__WORK INSTRUCTION__
Every record below should be repeated exactly. Omit the pictures.

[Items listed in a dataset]
**********

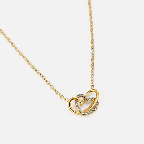 Gouden ketting verbonden hart steentjes. Lengte 40cm en nog eens te verlengen met 5cm. Gemaakt van hoogwaardig stainless steel.
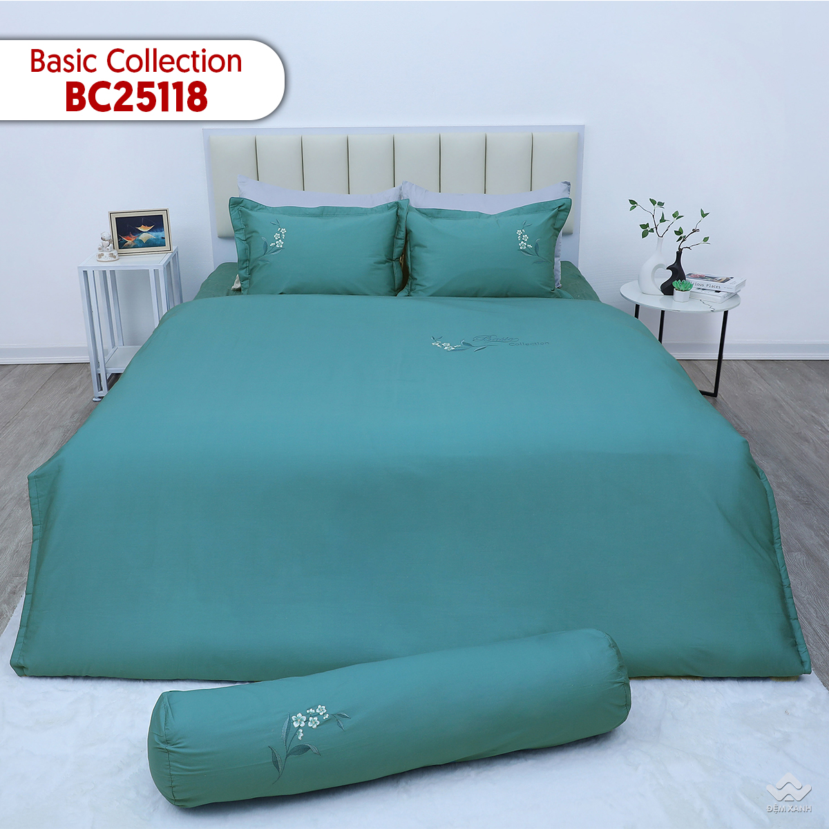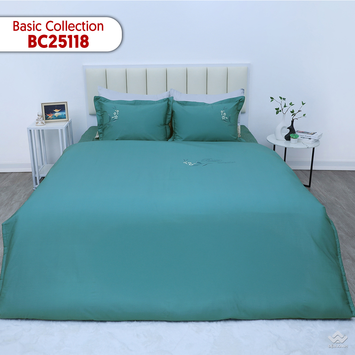 Bộ chăn ga gối BC25118 ghi điểm với thiết kế hiện đại, sang trọng nhưng vẫn giữ được vẻ dịu dàng, tinh tế. Nền xanh ngọc trầm lắng mang đến cảm giác thư giãn, mát mắt, dễ dàng hòa hợp với nhiều phong cách nội thất. Điểm nhấn đặc biệt chính là nhành hoa nhỏ và dòng chữ Basic Collection cách điệu được thêu nổi đầy tinh xảo – từng đường kim mũi chỉ mềm mại, uyển chuyển như vẽ nên một góc thiên nhiên yên bình trên nền vải.
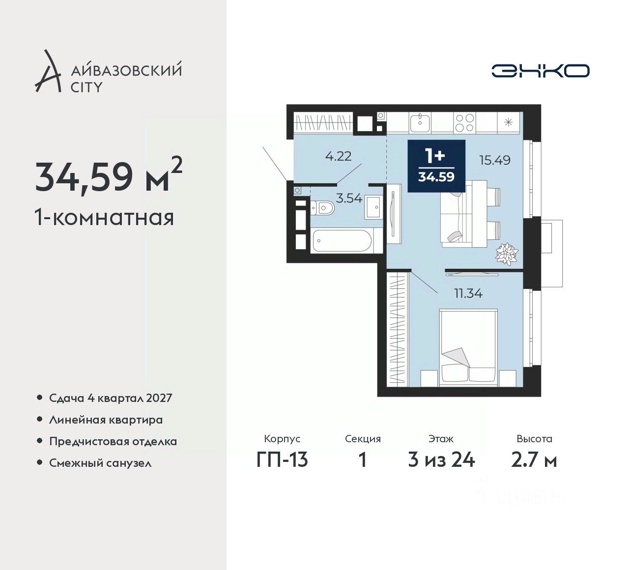 1-комн. квартира от застройщика с предчистовой отделкой в ЖК "Айвазовский City" на 3 этаже. Общая площадь: 34.59 кв.м., жилая: 11.34 кв.м., площадь просторной кухни-столовой: 15.49 кв.м. Все окна выходят на одну сторону. В квартире один совмещенный санузел. Высота потолков 2.7 м.
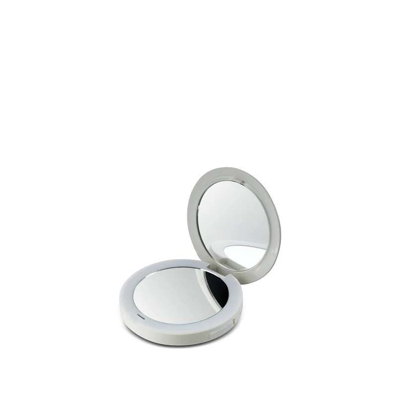 Homedics har lavet dette genopladelige makeup-spejl eller rejsespejl i lommeformat, der har 2 spejle: 1x forstørrelse på den ene side & 2x forstørrelse på den anden. LED-lyset hjælper i mørke situationer, hvis makeuppen lige skal fikses, eller dine øjenbrynshår skal plukkes. Den kan let genoplades med den tilhørende ledning. Derudover fungerer spejlet også som en powerbank, så du let kan oplade din mobil eller andet på farten. Opladekapaciteten ligger på 300 mAh. Medbring den i tasken eller jakkelommen og lad den hjælpe dig med de små, daglige touch-ups.
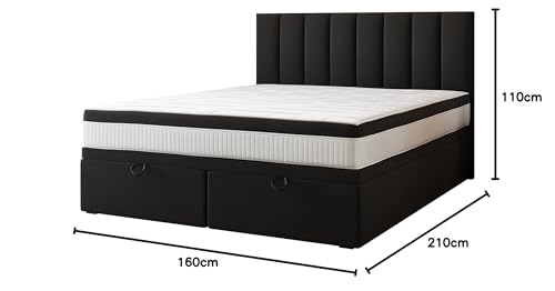 TRADA Letto a molle Bond con cassette letto matrimoniale con materasso imbottito (160 x 200 cm, nero)
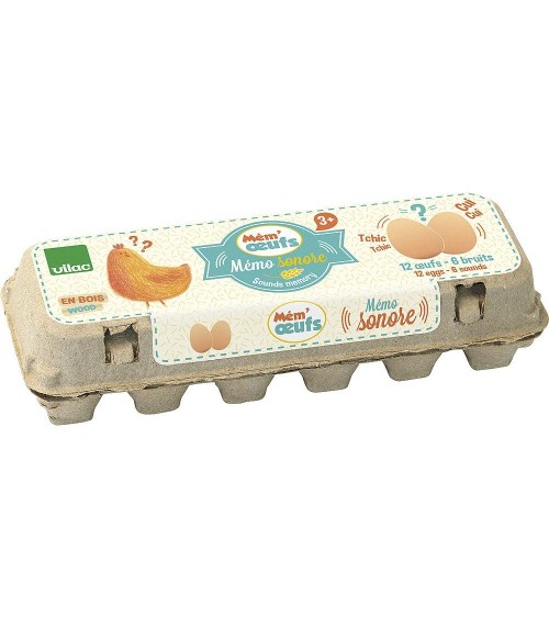 Mém'oeuf , un jeu de mémo sonore original élaboré par la marque Vilac.Exercez vos oreilles et retrouvez les paires d'uf au son identique avec ce jeu de mémo sonore. Ce jeu de mémory se compose d'une boite de 12 ufs en bois. Un jeu éducatif amusant conçu pour stimuler les compétences logiques de l'enfant tout en jouant à partir de 2 ans.Mém'oeuf, un jeu de mémoire de la marque Vilac. Référence 2418.
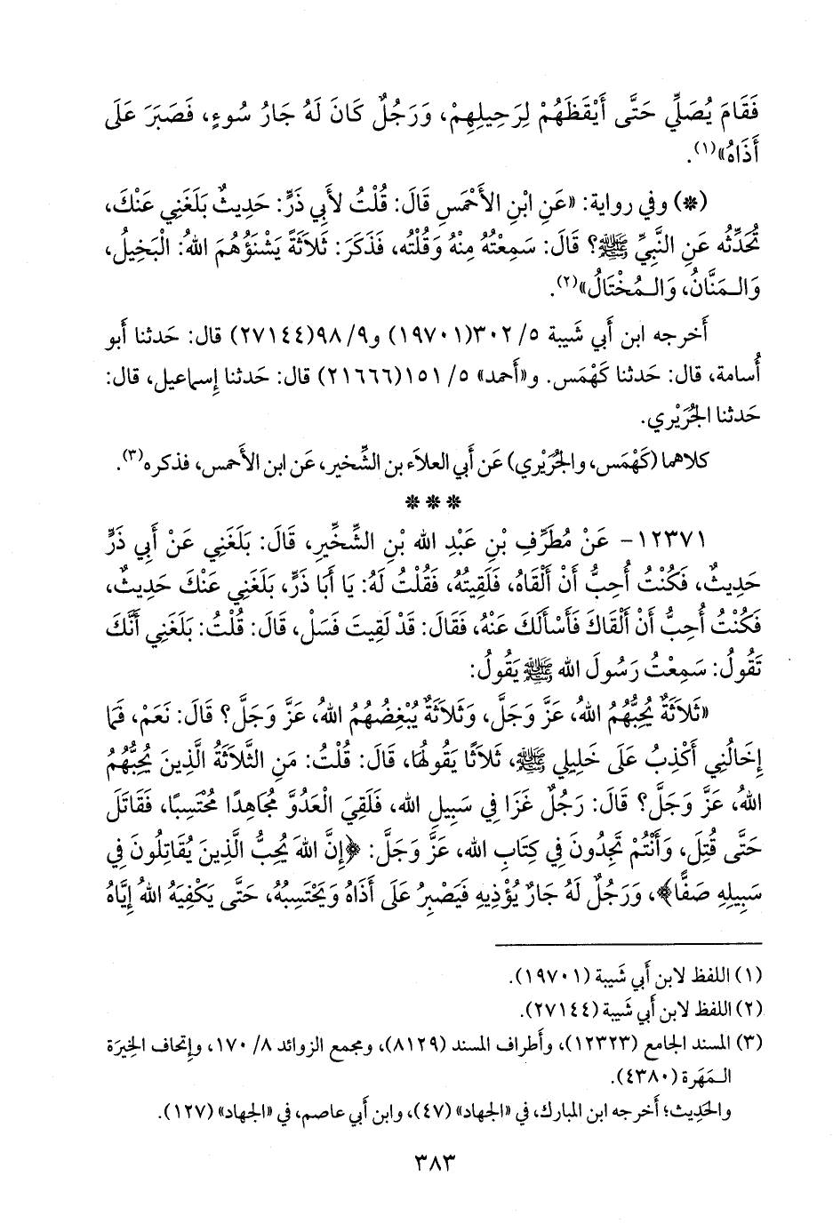 «ثلاثة يحبهم الله، عز وجل، وثلاثة يبغضهم الله، عز وجل؟ قال: نعم، فما إخالني أكذب على خليلي صَلى الله عَليه وسَلم ثلاثا يقولها، قال: قلت: من الثلاثة الذين يحبهم الله، عز وجل؟ قال: رجل غزا في سبيل الله، فلقي العدو مجاهدا محتسبا، فقاتل حتى قتل، وأنتم تجدون في كتاب الله، عز وجل: {إن الله يحب الذين يقاتلون في سبيله صفا}، ورجل له جار يؤذيه فيصبر على أذاه ويحتسبه، حتى يكفيه الله إياه
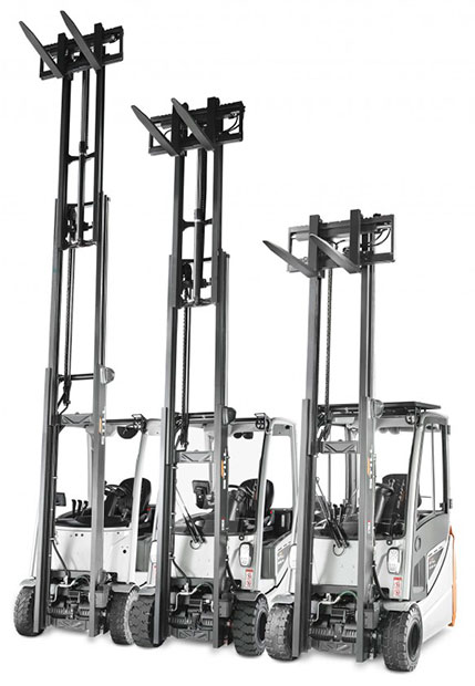 • Triplex – трисекційна щогла з вільним ходом каретки. Дозволяє використовувати весь корисний обсяг складу, заповнюючи стелажі товаром під саму стелю. Також можна використовувати в умовах обмеженої висоти приміщення (наприклад у вагоні або контейнері).
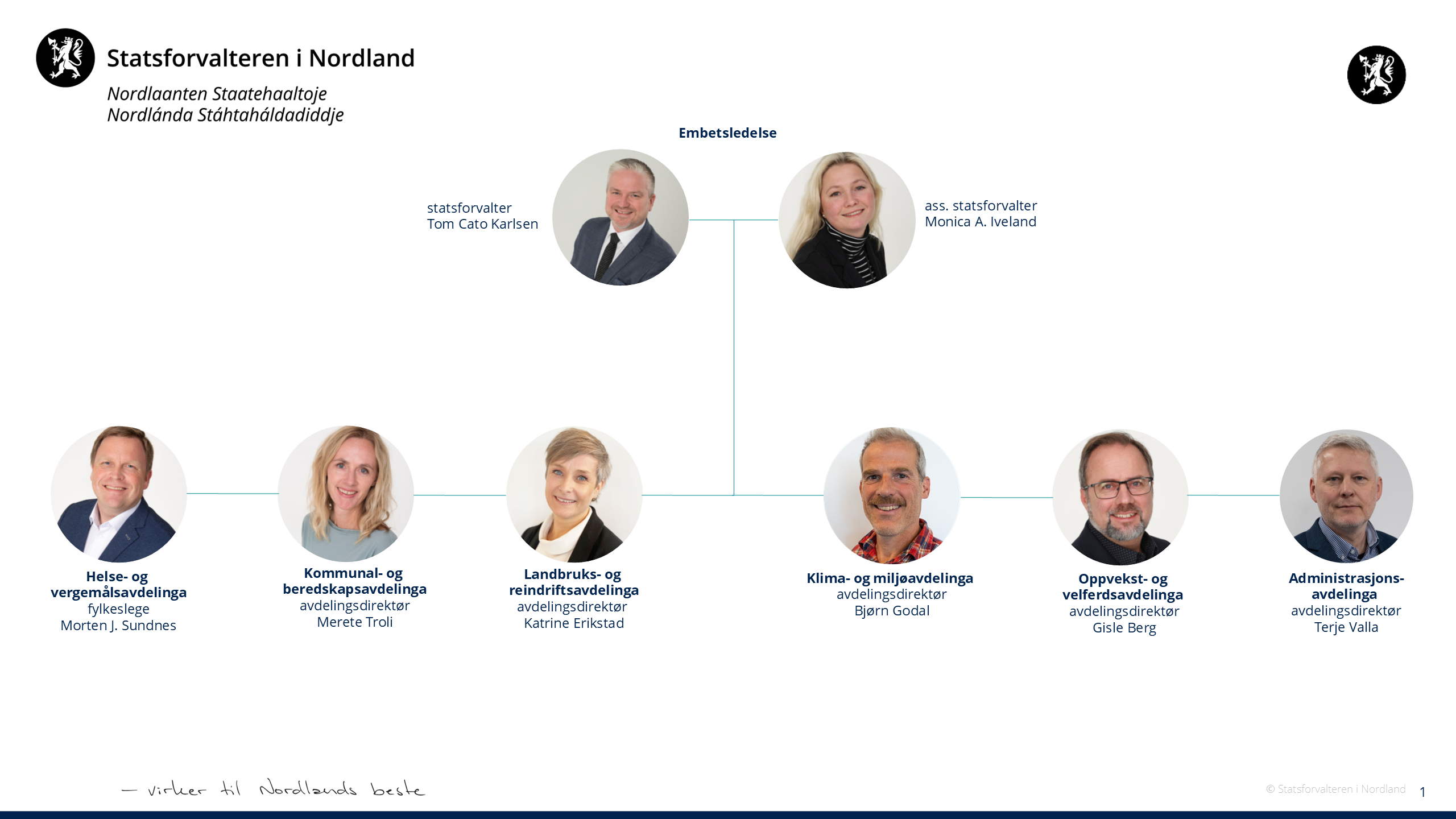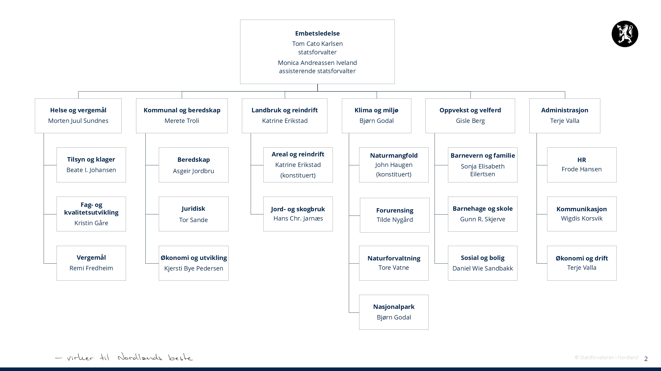 Statsforvalteren er ulikt organisert fra fylke til fylke. Statsforvalteren i Nordland har omlag 180 ansatte fordelt på embetsledelsen og seks avdelinger.
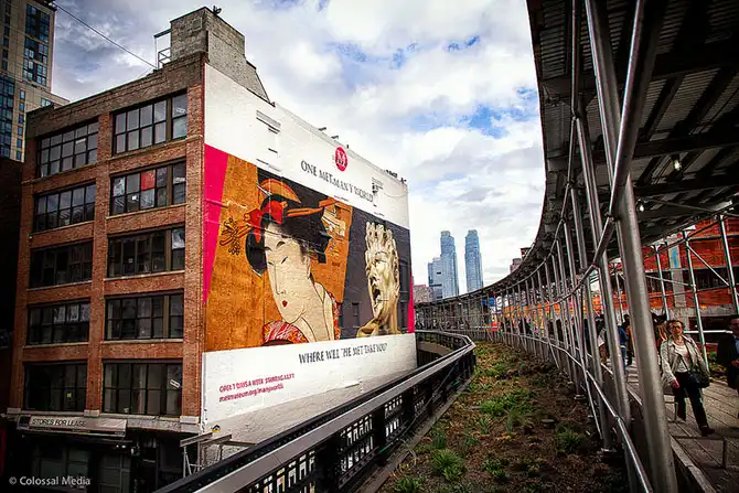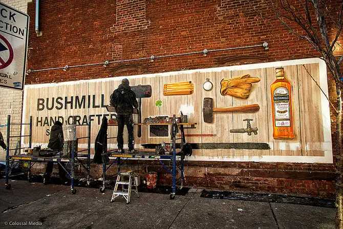 Одним из крупнейших изготовителей рисованной рекламы в Нью-Йорке является компания Colossal media, которая была основана в 2004 году тремя друзьями. Сегодня они компания с многомиллионными оборотами, работают по всей стране, и помимо Нью-Йорка в списке Colossal media еще 18 городов. В их штате работает 30 профессиональных художников. Компания является не просто художественной мастерской, а полноценным рекламным агентством. Они сами ищут заказчиков, предлагают идеи рекламных компаний, да и большинство поверхностей, на которых они работают, принадлежит им самим. Именно они смогли вернуть интерес рекламодателей к незаслуженно позабытой технологии. Стоимость одного проекта варьируется от 5 000 до 100 000 долларов и зависит от площади и сроков.
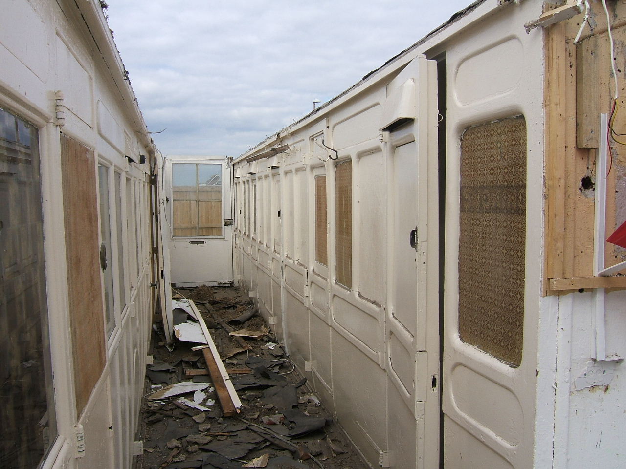 The photo on the right shows the two carriages, after removal of the overall roof, on 19th May 2008. The arrangement, with a central corridor giving access to "rooms" formed by compartments of the carriages, was very common for such bungalows.
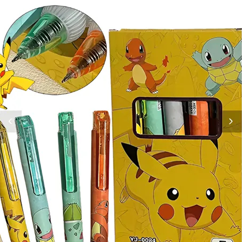 Kit 5 Canetas Esferográficas Retráteis em Gel Pokémon - Tinta Preta

**********

__WRITTEN ANSWER__
 Gouden ketting verbonden hart steentjes. Lengte 40cm en nog eens te verlengen met 5cm. Gemaakt van hoogwaardig stainless steel.
 Bộ chăn ga gối BC25118 ghi điểm với thiết kế hiện đại, sang trọng nhưng vẫn giữ được vẻ dịu dàng, tinh tế. Nền xanh ngọc trầm lắng mang đến cảm giác thư giãn, mát mắt, dễ dàng hòa hợp với nhiều phong cách nội thất. Điểm nhấn đặc biệt chính là nhành hoa nhỏ và dòng chữ Basic Collection cách điệu được thêu nổi đầy tinh xảo – từng đường kim mũi chỉ mềm mại, uyển chuyển như vẽ nên một góc thiên nhiên yên bình trên nền vải.
 1-комн. квартира от застройщика с предчистовой отделкой в ЖК "Айвазовский City" на 3 этаже. Общая площадь: 34.59 кв.м., жилая: 11.34 кв.м., площадь просторной кухни-столовой: 15.49 кв.м. Все окна выходят на одну сторону. В квартире один совмещенный санузел. Высота потолков 2.7 м.
 Homedics har lavet dette genopladelige makeup-spejl eller rejsespejl i lommeformat, der har 2 spejle: 1x forstørrelse på den ene side & 2x forstørrelse på den anden. LED-lyset hjælper i mørke situationer, hvis makeuppen lige skal fikses, eller dine øjenbrynshår skal plukkes. Den kan let genoplades med den tilhørende ledning. Derudover fungerer spejlet også som en powerbank, så du let kan oplade din mobil eller andet på farten. Opladekapaciteten ligger på 300 mAh. Medbring den i tasken eller jakkelommen og lad den hjælpe dig med de små, daglige touch-ups.
 TRADA Letto a molle Bond con cassette letto matrimoniale con materasso imbottito (160 x 200 cm, nero)
 Mém'oeuf , un jeu de mémo sonore original élaboré par la marque Vilac.Exercez vos oreilles et retrouvez les paires d'uf au son identique avec ce jeu de mémo sonore. Ce jeu de mémory se compose d'une boite de 12 ufs en bois. Un jeu éducatif amusant conçu pour stimuler les compétences logiques de l'enfant tout en jouant à partir de 2 ans.Mém'oeuf, un jeu de mémoire de la marque Vilac. Référence 2418.
 «ثلاثة يحبهم الله، عز وجل، وثلاثة يبغضهم الله، عز وجل؟ قال: نعم، فما إخالني أكذب على خليلي صَلى الله عَليه وسَلم ثلاثا يقولها، قال: قلت: من الثلاثة الذين يحبهم الله، عز وجل؟ قال: رجل غزا في سبيل الله، فلقي العدو مجاهدا محتسبا، فقاتل حتى قتل، وأنتم تجدون في كتاب الله، عز وجل: {إن الله يحب الذين يقاتلون في سبيله صفا}، ورجل له جار يؤذيه فيصبر على أذاه ويحتسبه، حتى يكفيه الله إياه
 • Triplex – трисекційна щогла з вільним ходом каретки. Дозволяє використовувати весь корисний обсяг складу, заповнюючи стелажі товаром під саму стелю. Також можна використовувати в умовах обмеженої висоти приміщення (наприклад у вагоні або контейнері).
 Statsforvalteren er ulikt organisert fra fylke til fylke. Statsforvalteren i Nordland har omlag 180 ansatte fordelt på embetsledelsen og seks avdelinger.
 Одним из крупнейших изготовителей рисованной рекламы в Нью-Йорке является компания Colossal media, которая была основана в 2004 году тремя друзьями. Сегодня они компания с многомиллионными оборотами, работают по всей стране, и помимо Нью-Йорка в списке Colossal media еще 18 городов. В их штате работает 30 профессиональных художников. Компания является не просто художественной мастерской, а полноценным рекламным агентством. Они сами ищут заказчиков, предлагают идеи рекламных компаний, да и большинство поверхностей, на которых они работают, принадлежит им самим. Именно они смогли вернуть интерес рекламодателей к незаслуженно позабытой технологии. Стоимость одного проекта варьируется от 5 000 до 100 000 долларов и зависит от площади и сроков.
 The photo on the right shows the two carriages, after removal of the overall roof, on 19th May 2008. The arrangement, with a central corridor giving access to "rooms" formed by compartments of the carriages, was very common for such bungalows.
 Kit 5 Canetas Esferográficas Retráteis em Gel Pokémon - Tinta Preta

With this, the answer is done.